- Directed by: Kirk Wong
- Produced by: Leonard Ho Chua Lam
- Starring: Eddy Ko Kwok Wai-keung Ray Lui Blackie Ko
- Edited by: Peter Cheung
- Release date: 24 June 1983;
- Running time: 107 minutes
- Country: Hong Kong
- Languages: Cantonese Mandarin

= Health Warning =

1983 Hong Kong film by Kirk Wong

Health Warning (alternative titles: Da Lei Tai, Da Lui Toi, Future Flash Kung Fu, Digital Master) is a 1983 Hong Kong film directed by Kirk Wong.
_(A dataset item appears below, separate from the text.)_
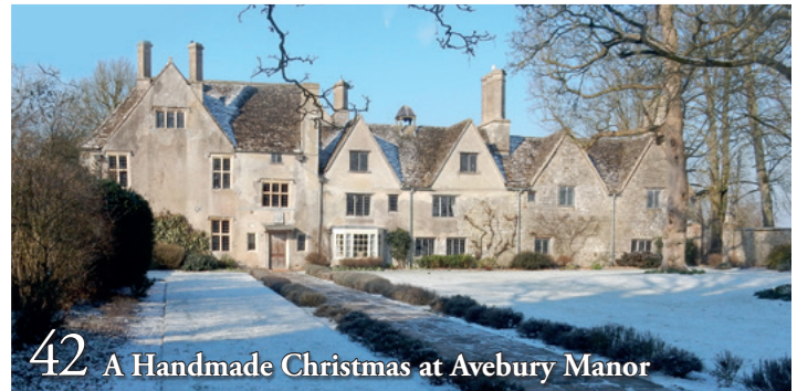
42 A Handmade Christmas at Avebury Manor

It is a dystopian sci-fi kung fu film set in the future.

==Cast and roles==
- Eddy Ko - The Master
- Kwok Wai-keung
- Ray Lui - Gei
- Mak Wai Cheung
- San Guai
- Elvis Tsui - Tall skinhead fighter
- Wang Lung Wei - Killer
- Yuen Tin Wan
- Lee Kwan-Young - Boss of Nazis / Killer's last opponent in finale fight scene (uncredited)

==Awards==
At the 3rd Hong Kong Film Awards, Health Warning was nominated for Best Picture, and Kirk Wong was nominated for Best Director. The film was listed as one of the "Best 100 Chinese Motion Pictures" during the 24th Hong Kong Film Awards.